The cessation of commercial air transportation into the Prince Rupert Regional Airport will affect economic recovery and world-wide trade, Mayor Lee Brain said, on Jan. 13.
“Our community is the third-largest port in Canada experiencing significant growth opportunities, and disruptions in any service is a disruption towards growing Canada’s global trade interests and contributing to the economic recovery of both the province and the nation,” Brain said.
“We understand the difficult decisions airlines have to make in light of reduced travel and inaccessibility to relief funding from higher levels of government,” he said. “Our view is that there is quality demand here for consistent air service and we support the Airport Authority working diligently to explore alternative avenues to provide service in the near future.”
Prince Rupert and District Chamber of Commerce (PRDCC) has already initiated conversations with representatives of YPR, regional economic development partners, and local provincial and federal government representatives in order to weigh the effects of Air Canada’s decision. The Chamber of Commerce will launch an aggressive effort to enable the resumption of scheduled flights, it said in a press release on Jan. 13.
Michelle Boomars-MacNeill, president of the PRDCC said the challenges which Air Canada is facing are recognized and understood in the business community, however, an extended closure of the airport will not only affect those whose livelihood depends on airport-related jobs but on a wide array of organizations in the community—which has rapidly become a hub for international trade.
“Our own Chamber members are grappling with the same or greater impacts on their businesses.
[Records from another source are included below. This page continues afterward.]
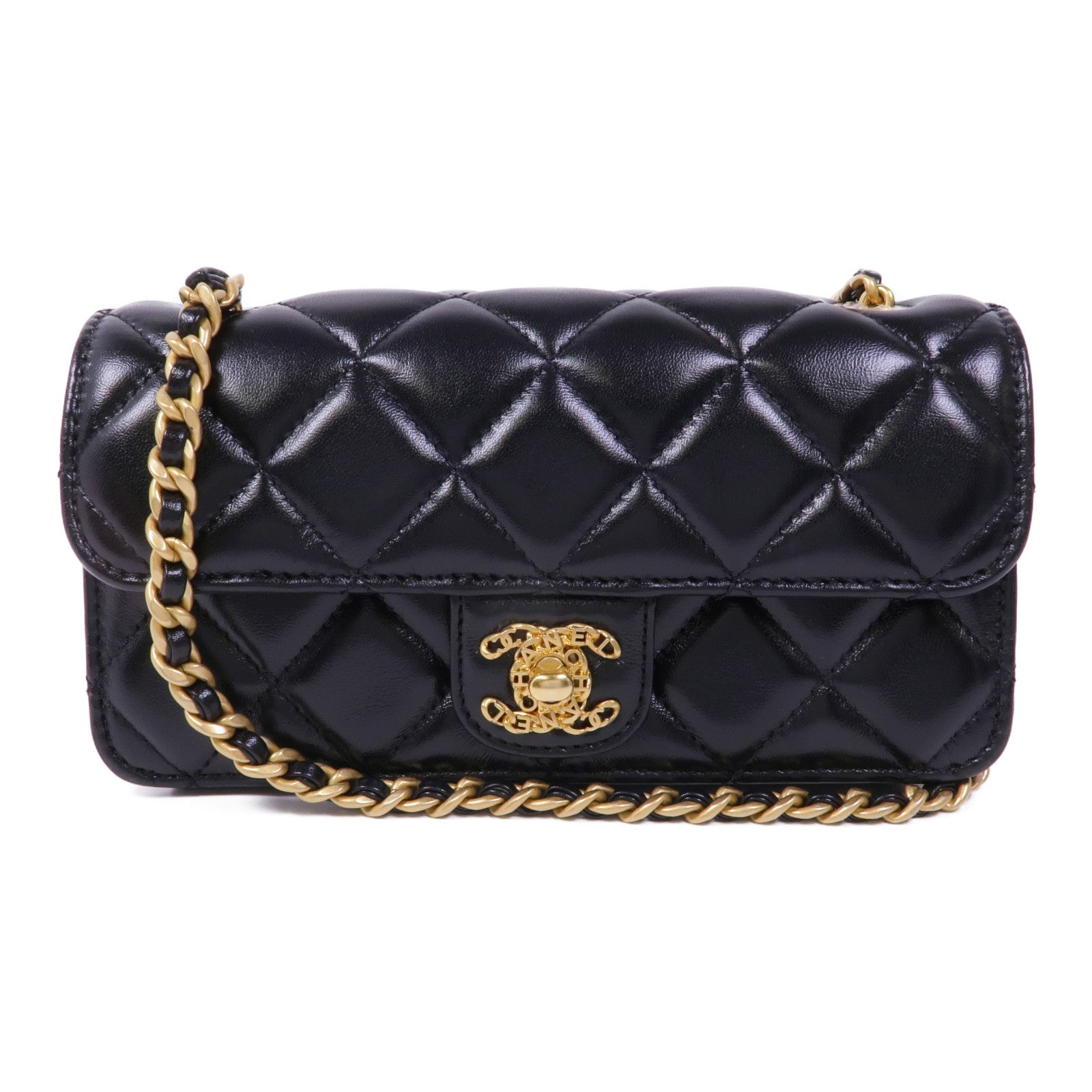 CHANEL 牛皮皮革Chain Shoulder Bag金扣鏈帶肩背袋
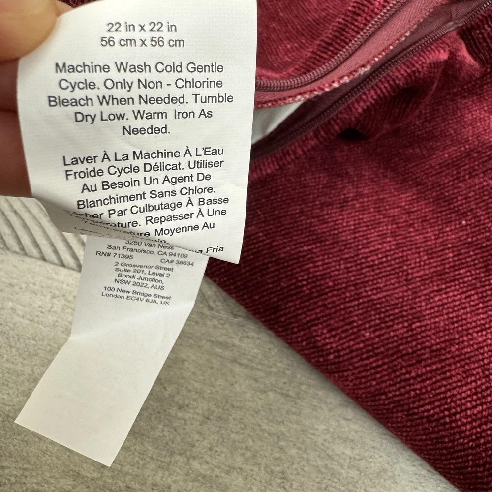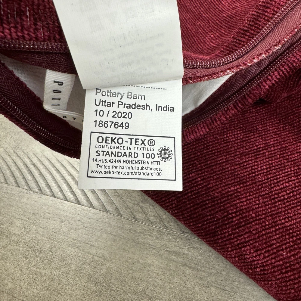 Pottery Barn Lucia Chenille Pillow Cover Red 22”x22” Markings Read NWOT New without tags item / open box - item ships without manufacturer packaging Please note, there is a sharpie mark on one side of the pillow cover / there is a small dot on the other side - reference all photos Dimensions: 22” sq
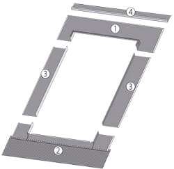 Kołnierz uszczelniający EBS-P składa się z czterech elementów: górnego, dolnego oraz dwóch rynien bocznych. Dolny element posiada zintegrowany fartuch ołowiany, który dopasowuje się do powierzchni pokrycia i zapewnia szczelność połączenia.
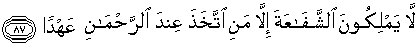 87. Mereka tidak berhak mendapat syafa'at kecuali orang yang telah mengadakan perjanjian di sisi Tuhan Yang Maha Pemurah
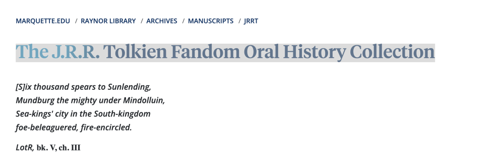 6.000 Speere zogen von Rohan aus, um Gondor zu helfen. 6.000 Interviews mit Tolkien-Fans möchte die Marquette University sammeln, um ihre Oral History Collection zu erweitern. Da nicht alle, die interessiert sind, die Möglichkeit haben, persönlich in Milwaukee aufs Band zu sprechen, kann man auch einen Online-Termin buchen und dann erzählen, wie man zu Tolkien gefunden hat und was einem ganz besonders zusagt. Voraussetzung ist allerdings, dass man Englisch spricht. Es ist nicht die erste derartige Kampagne, bereits existierende Interviews kann man sich auf der Marquette Homepage anhören.
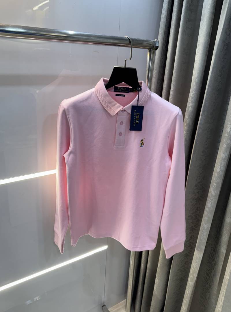 Ralph Lauren Pink Embroidery Logo Premium Full Sleeve Polo T-Shirt
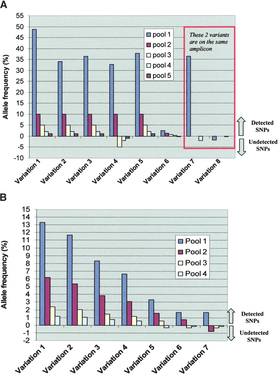 Detection of the various SNPs in the study. (A) Detection of known SNPs. This panel depicts the allele frequency (y-axis) of the seven detected variations in the four constructed genomic mixtures (x-axis) with data from each pool represented with a different color. Pool 1 is where all 94 samples are mixed. The other four pools are different mole DNA dilutions of the five-genome pool. To distinguish SNPs that were detected from those that were not detected in a particular genomic mixture in the MRD-based SNP discovery, we depict the undetected SNPs with negative allele frequency. Variations 7 and 8 are in the same amplicon. Sequence data for this amplicon was obtained for only two pools. Data from pool 1 of this amplicon demonstrates how the presence of a common variant (variation 7) masks other rare variant(s) (variant 8) in the same amplicon. (B) Detection of unknown SNPs. This panel depicts the allele frequency (y-axis) of the seven detected variations in the four constructed genomic mixtures (x-axis) with data from each pool represented with a different color. The four pools shown are for the different mole DNA dilutions of the five-genome pool. To distinguish SNPs that were detected from those that were not detected in a particular genomic mixture in the MRD-based SNP discovery, we depict the undetected SNPs with negative allele frequency. Some variations are detected when present at frequency as low as 0.5%.
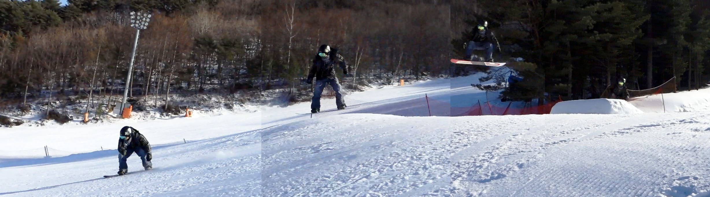 在初學階段,可選擇一個細跳台,什麼動作也不做,只蹲下上身,讓自己慢慢安全地滑過 Kicker 面,初次感受一下"跳"跳台的感覺。
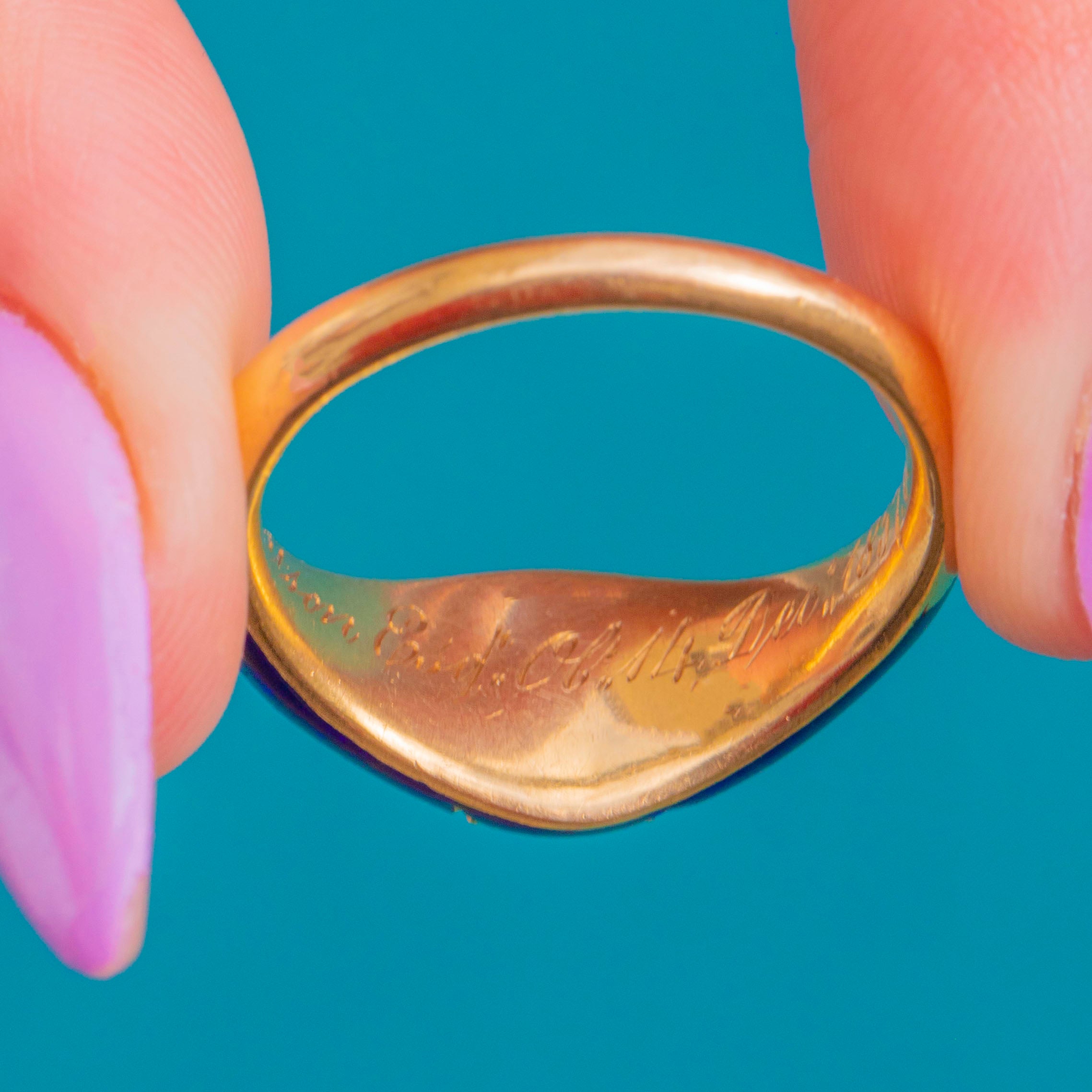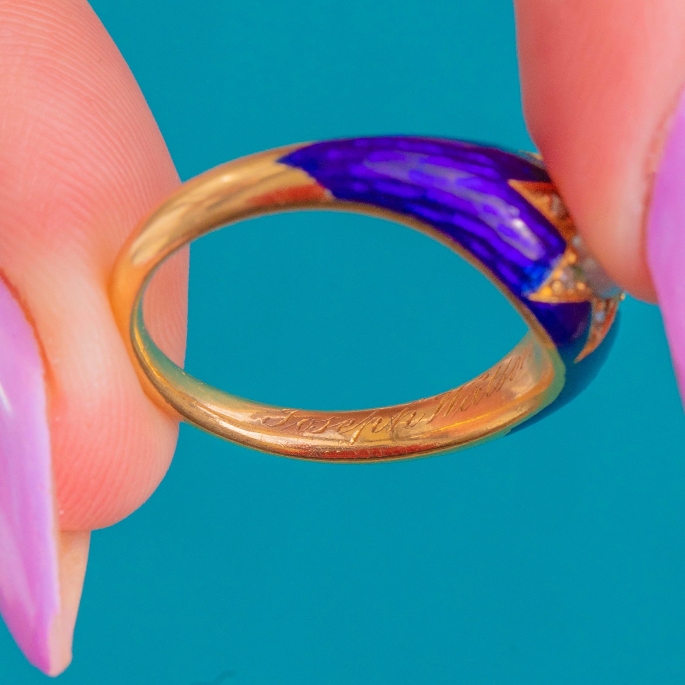 Victorianの感傷が溢れるこのリングには、“Joseph Wastson Esq Ob 14 Dec 1857 at 86”という当時の銘が刻まれており、その卓越したクラフツマンシップに歴史的な趣を添えています。エレガントで手触りも心地よく、絶妙な色調を持つ本作は、色彩と個性が響き合うジュエルです。

Yet access to and from our community, especially during the winter season, is of critical importance for our industry and business sectors.”
“We are a major port city, and with the pending investments here and in our neighbouring communities, including proposed improvements to airport-to-downtown transportation, we seek a commitment from Air Canada as to their intentions regarding a resumption of service as soon as circumstances allow,” Boomars-MacNeill said.
“We deeply regret the negative impacts this will have on the Prince Rupert Airport, and on the region’s economy, given Air Canada’s long-standing relationship with the region,” Mark Galardo Air Canada’s vice president of network and planning alliances said, in a letter to PRDCC.